The cause of FG can be identified in approximately 95% of cases (1, 11). There are two types of necrotizing fasciitis depending on the responsible organisms. Type 1 is usually polymicrobial including aerobic and anaerobic bacteria. Type 2 is monomicrobial and often caused by group A Streptococcus alone or in combination with Staphylococcus aureus (10). The usual organisms that cause Fournier gangrene in children are streptococci, staphylococci and anaerobes (1). In our patient, blood and wound culture yielded Pseudomonas aeruginosa. Cases of necrotizing fasciitis with Pseudomonas aeruginosa in pediatric patients affected by acute leukemia was reported by some researchers (13). Fustes-Morales et al. described P. aeruginosa as the most common organism isolated in 85% of necrotizing fasciitis cases. Association of P. aeruginosa and necrotizing fasciitis was also demonstrated by Al-Fifi et al. (14) in two cases and Rouzrokh et al. (15) in seven cases. Pseudomonas seems to be an important causative pathogen in neutropenic patients with a rapid and fatal course. Early diagnosis and prompt appropriate treatment is essential in FG. Treatment includes early IV-fluid therapy, hemodynamic stabilization, broad-spectrum antibiotics and surgical debridement of necrotic tissues. Although literature suggest aggressive debridement of wound but a recent study showed successful outcome by using more conservative and selective surgical methods (5).
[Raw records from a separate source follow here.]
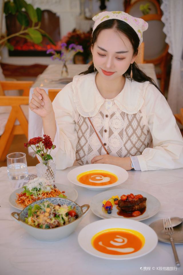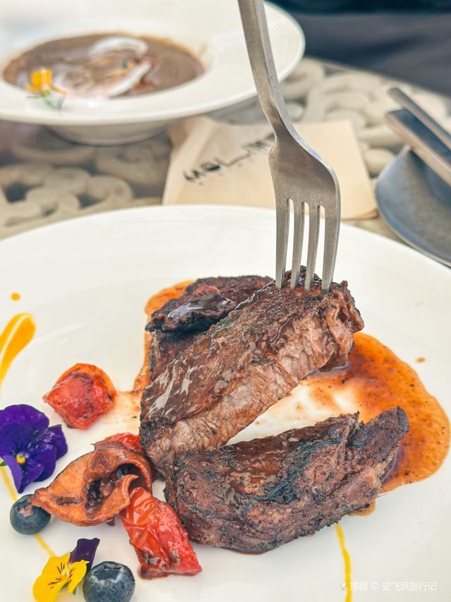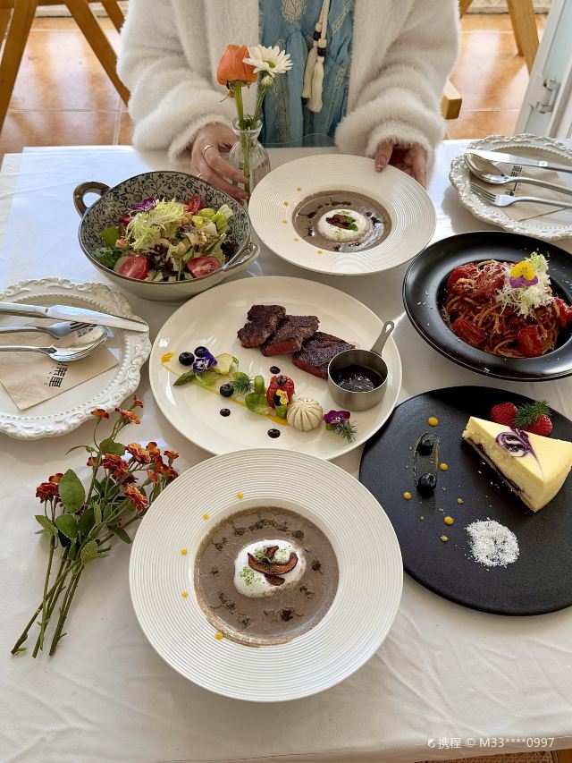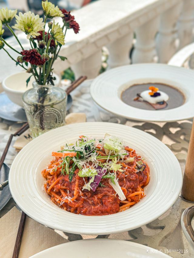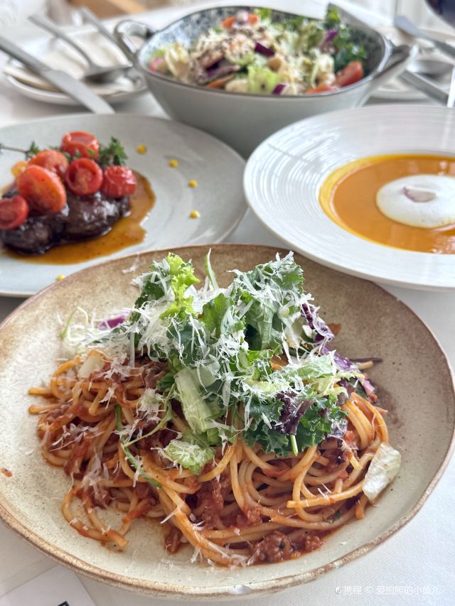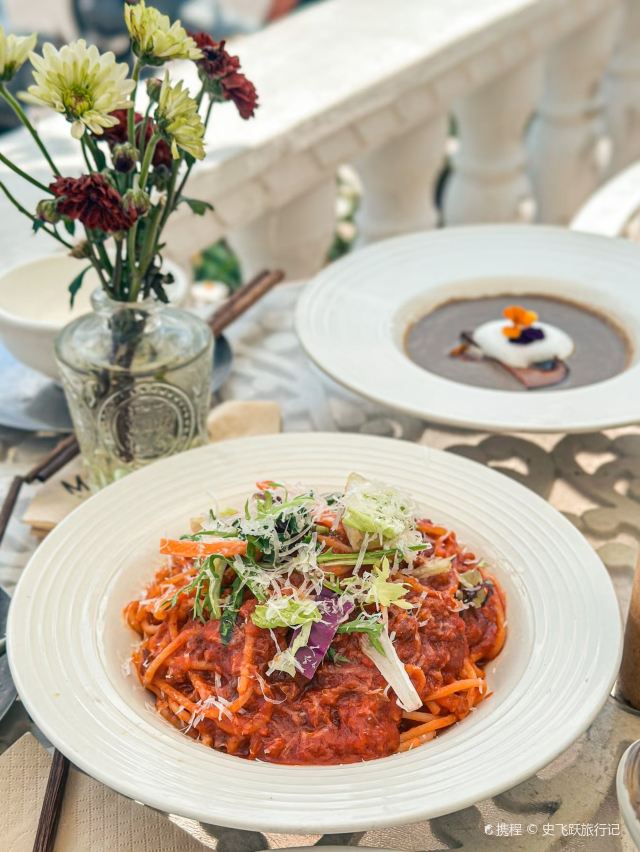 K筱桔趣旅行📸每一位去大理旅行的朋友,都不会错过S湾的拍摄机位 🧱墙裂推荐拍摄后,直冲这家花园餐厅! 💙因为这里还藏着另一面的洱海 - 🎠走进餐厅仿佛遇见爱丽丝梦游的仙境:法式喷泉、白色流苏帐篷、五彩斑斓的鲜花绿植、蕾丝桌布……环境也太美了吧 👁️坐在临窗位置往外看,就能把洱海装进相框里,连绵苍山+平静洱海,日落时分敲级浪漫的 🍽️点上一份浪漫双人套餐,美食、美景真的很难不爱啊! - 🥩黑椒厚切炙烤黑椒牛排 🔸海景、日落+牛排可是法式浪漫的标配~大口炫牛排,好好吃噢! 🔸美景佳肴的当下,我太幸福啦~ 🍝肉酱意粉 🔸份量2人份hin足,喜欢酸甜肉酱,伴着意粉猴猴食 🔍茉里海畔MOLI·海景花园餐厅Bistro(S湾店) 📍大理市银桥镇磻溪村10组 ⏳9:00~22:00 #美食林试吃官 #美食旬味会 #浪漫约会餐厅 #景观餐厅 #大理美食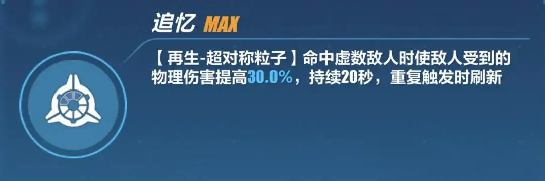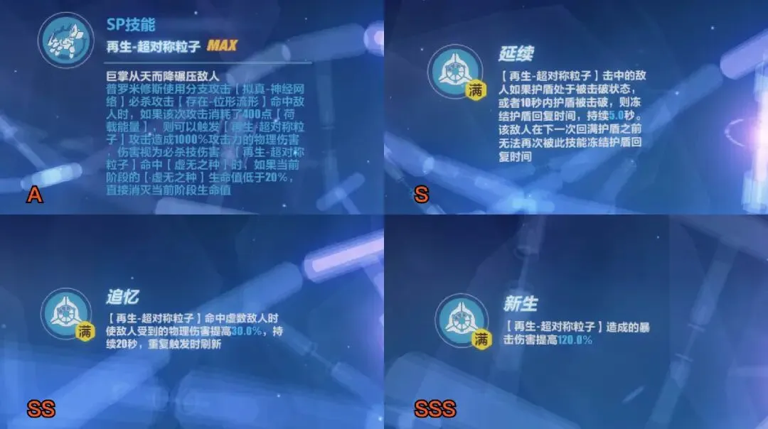 此外,若一次性消耗400点动能,则进一步触发特殊技能「再生-超对称粒子」,造成高倍率的物理伤害(视为必杀技伤害)。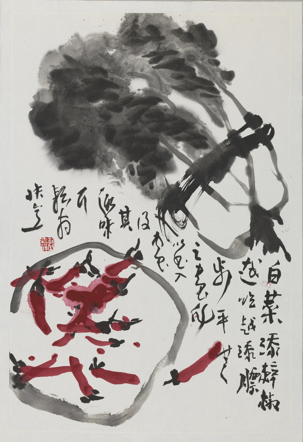 釋文:白菜添辣椒 越吃越添膘 步平芝之畫作 以書入畫 得其趣味耳 耘翁快意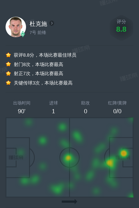 北京时间10月27日云达不莱梅vs勒沃库森,杜克施贡献1球,3次关键传球,8次射门。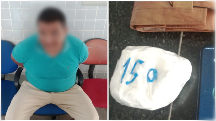 A abordagem ocorreu após o homem demonstrar nervosismo e tentar mudar de direção ao perceber a presença da viatura. Durante a revista pessoal, os policiais encontraram aproximadamente 150 gramas de substância análoga à cocaína.
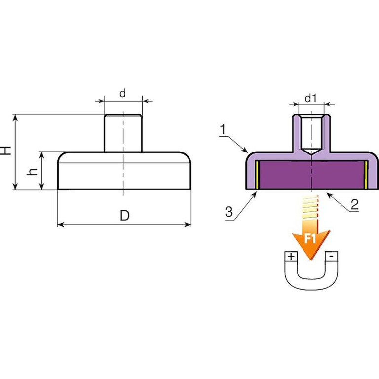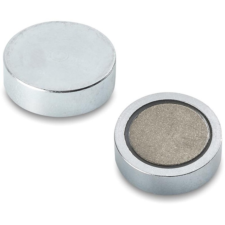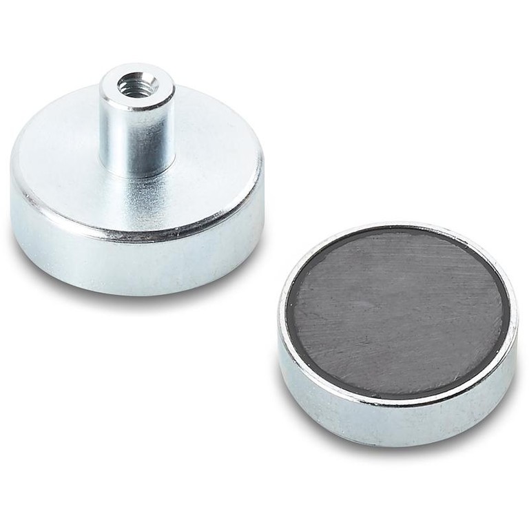 IMÁN DE SAMARIO-COBALTO REDONDO CON CUBIERTA DE ACERO GALVANIZADO Y ORIFICIO ROSCADO SALIENTE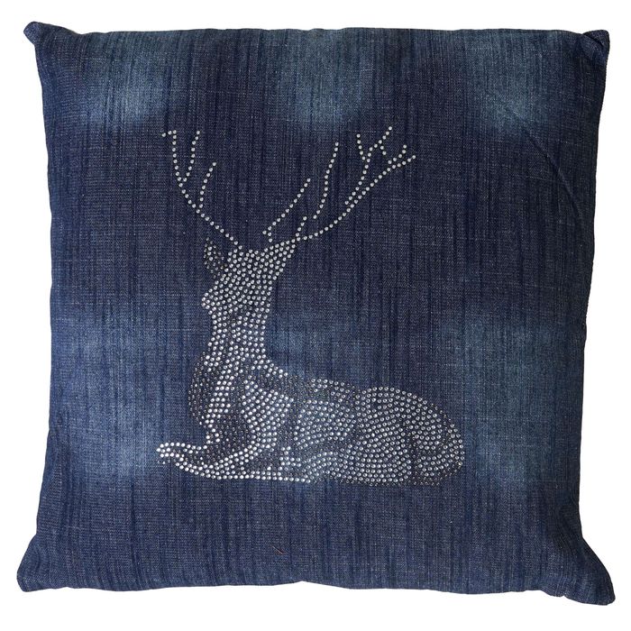 Deko-Kissen Hirsch, Sofakissen Zierkissen mit Füllung, blau Glitzersteine 45x45cm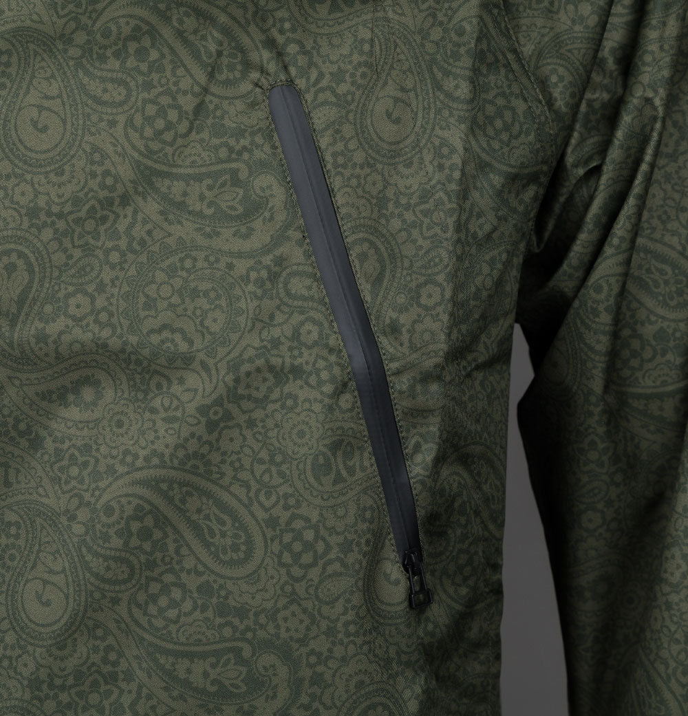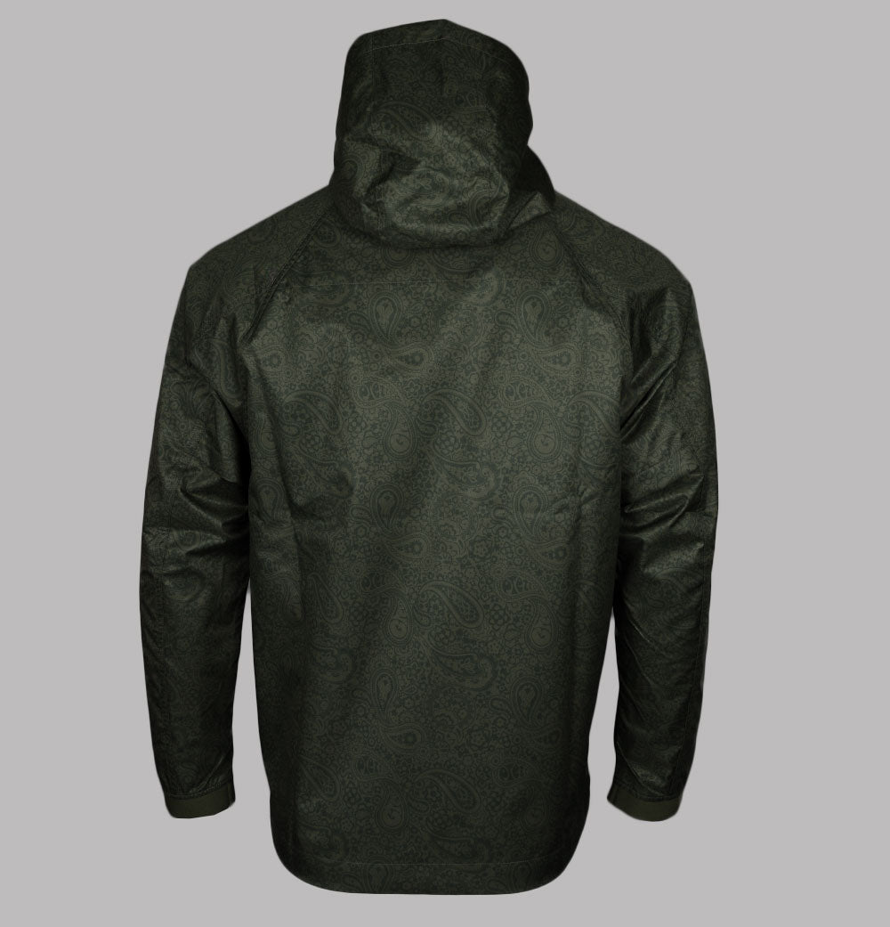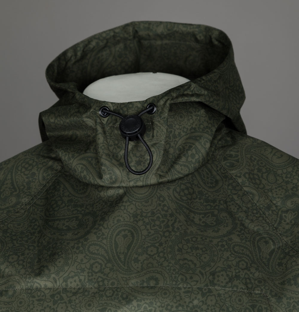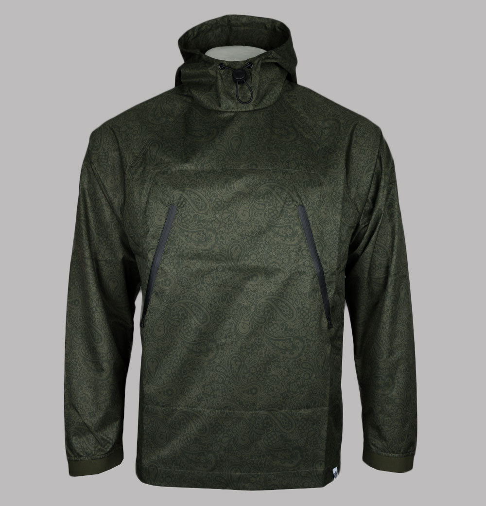 Pretty Green over the head tonal Paisley smock. Khaki lightweight water resistant polyester fabric. In house tonal Paisley design. Adjustable bungee cord hood. Large front zip pouch pocket with weather proof seals. Elasticated sleeve cuffs. Small Pretty Green branded tag on the seam. Regular fit. 100% polyester.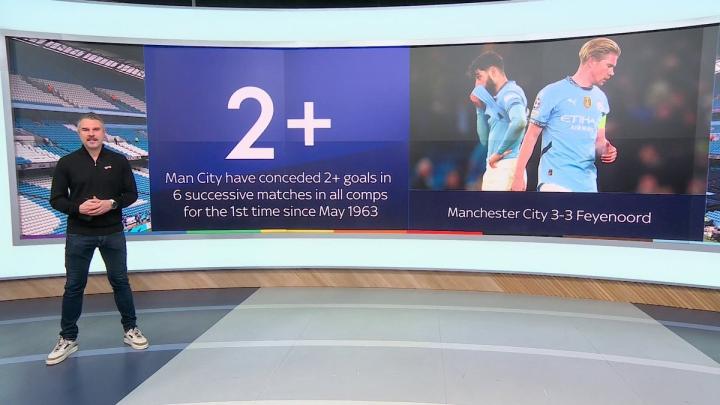 各项赛事最近6场比赛,曼城战绩为1平5负,且每场比赛都丢了至少2球,这是曼城自1963年5月以来首次连续6场比赛丢球2+。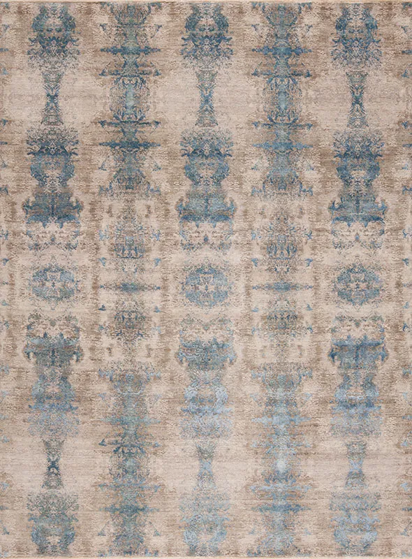 The Pantheon Wool & Silk Rug Collection comprises finely woven carpets made with hand-carded wool and hand-spun, hand-carved silk. With shades of blue, grey and ivory, these dynamic kaleidoscopic designs calm the mind and trigger the imagination.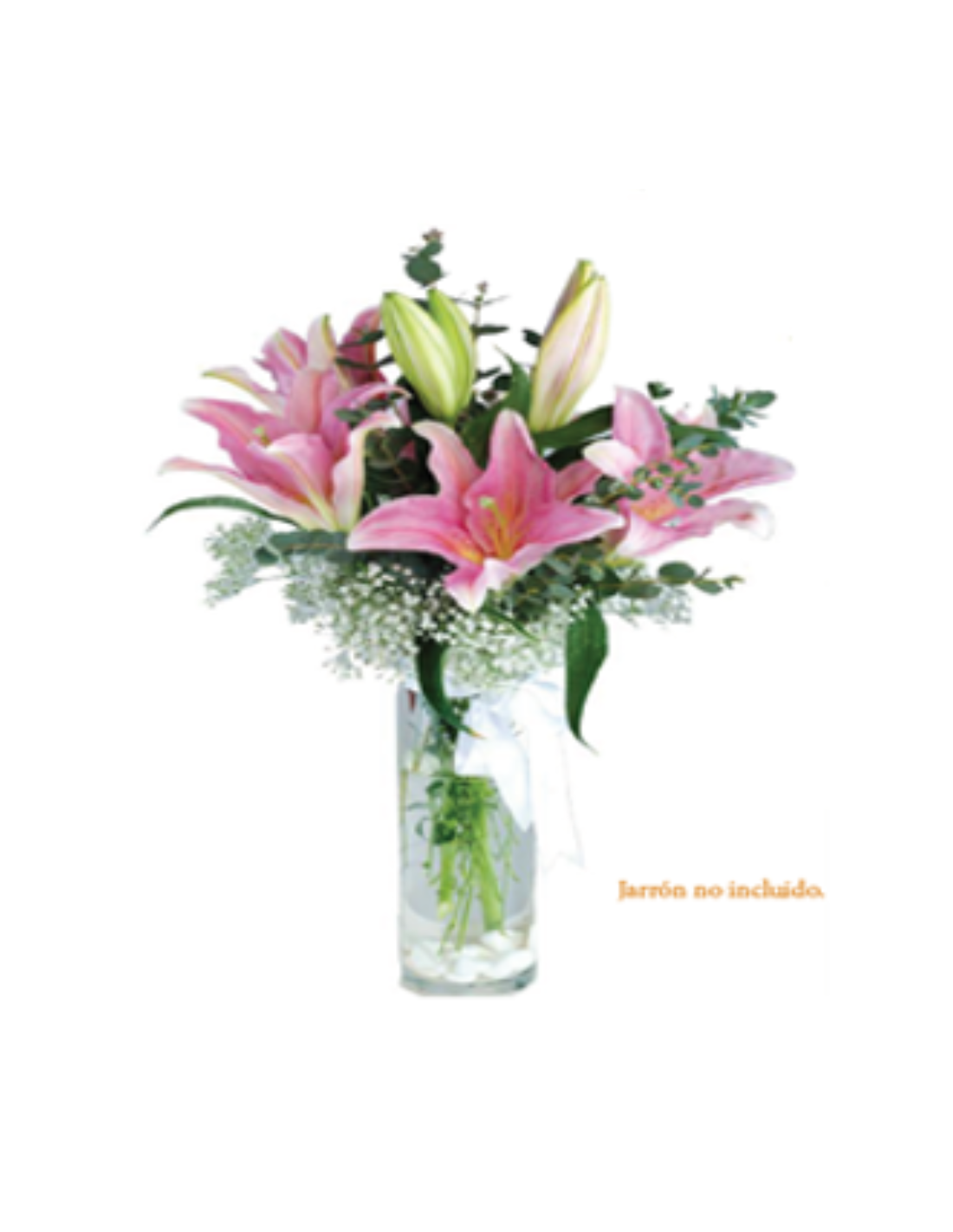 Referencia GMEAFL004Compuesto por: 3 Varas de lilium oriental, paniculata, eucaliptus con celofán y lazo. Jarrón no incluido.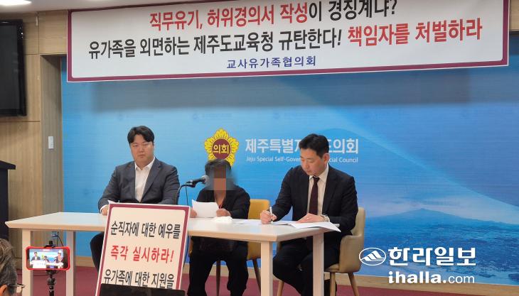 교사유가족협의회와 사망 교사의 유가족은 24일 제주도의회 도민카페에서 기자회견을 열고 "제주도교육청은 즉각 폐쇄적인 진상조사 결과를 폐기하고, 외부 전문가가 참여하는 독립적 진상조사위원회를 구성하라"고 촉구했다. 도교육청이 지난 12월 발표했던 진상조사 결과가 내부 인원만으로 내놓은 "부실 '셀프 조사'"였다며 "유족 추천 인사와 교육부, 노동부 등 상급기관과 협력해 철저히 조사해야 한다"는 주장이다.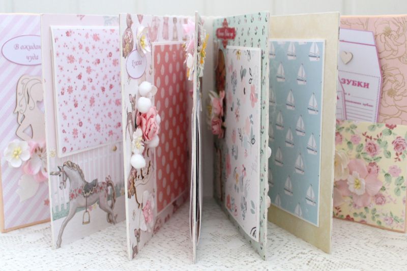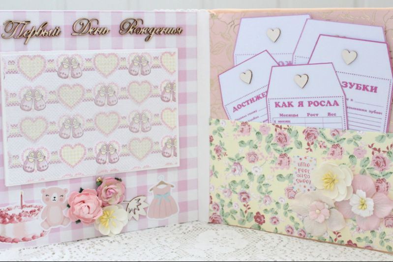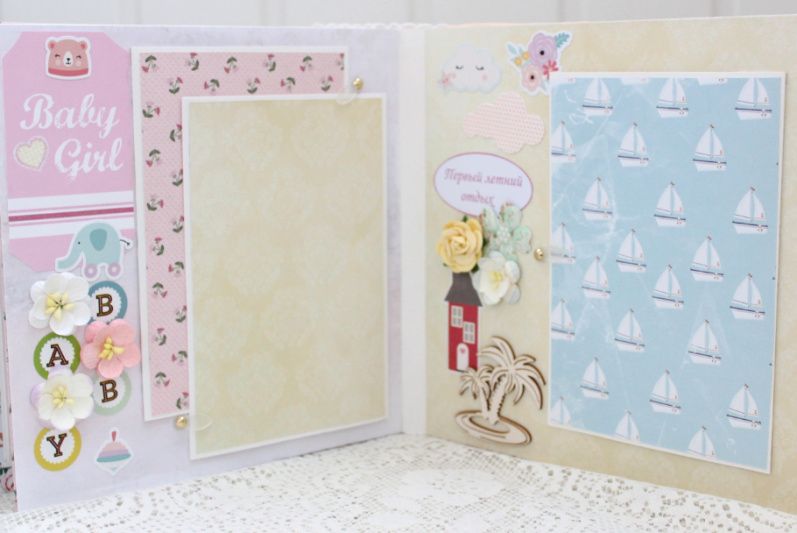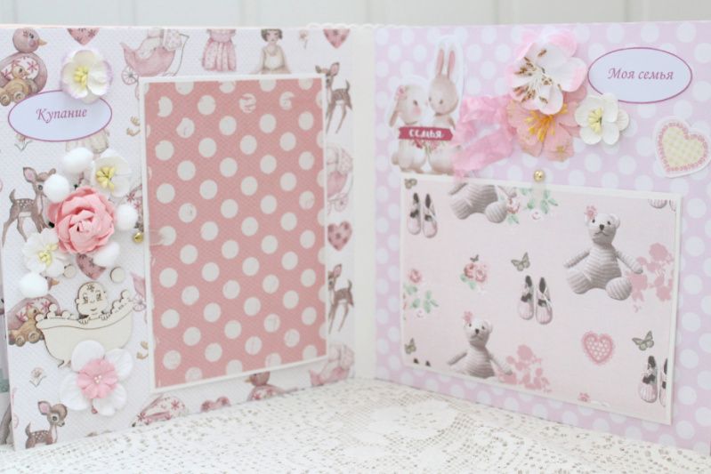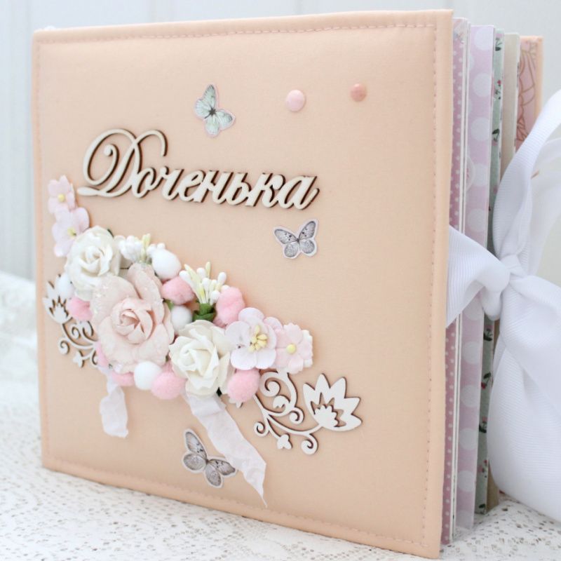 Объемный альбом ручной работы для новорожденной девочки. Формат альбома 20х20, внутри 12 тематических декорированных страниц, толщина альбома 9 см, рассчитан до 60 фотографий. Альбом выполнен по темам: В ожидании чуда, Первые деньки дома, Сладкие сны, Купание, Моя семья, Крестины, Новый Год, Baby girl , Первый летний отдых, Первый День Рождения, Таблицы роста и достижений ребенка.

Hyperbaric oxygen is also used in some selected cases for the treatment of Fournier’s gangrene (16). We started with a combination of broad spectrum antibiotics (meropenem and vancomycin) regimen and then modified it to meropenem and amikacin when culture results were available. Our patient was not a surgical candidate for debridement because of coagulopathy state and her poor condition, so we could only wash and keep the wound sterile. Mortality rate of Fournier’s gangrene is ranged from 3 to 45 percent which is mostly due to severe sepsis, renal failure and coagulopathy (9). Despite all the medical and surgical advances in treatment the mortality remains high. We planned to start chemotherapy but the parents refused any type of treatment and the baby was discharged against medical advice.

Neonatal FG is extremely rare and there is a need for high index of suspicion to make the prompt diagnosis and early appropriate treatment. The physicians should consider Leukemia in the differential diagnosis of a newborn with clinical features of sepsis and necrotizing fasciitis.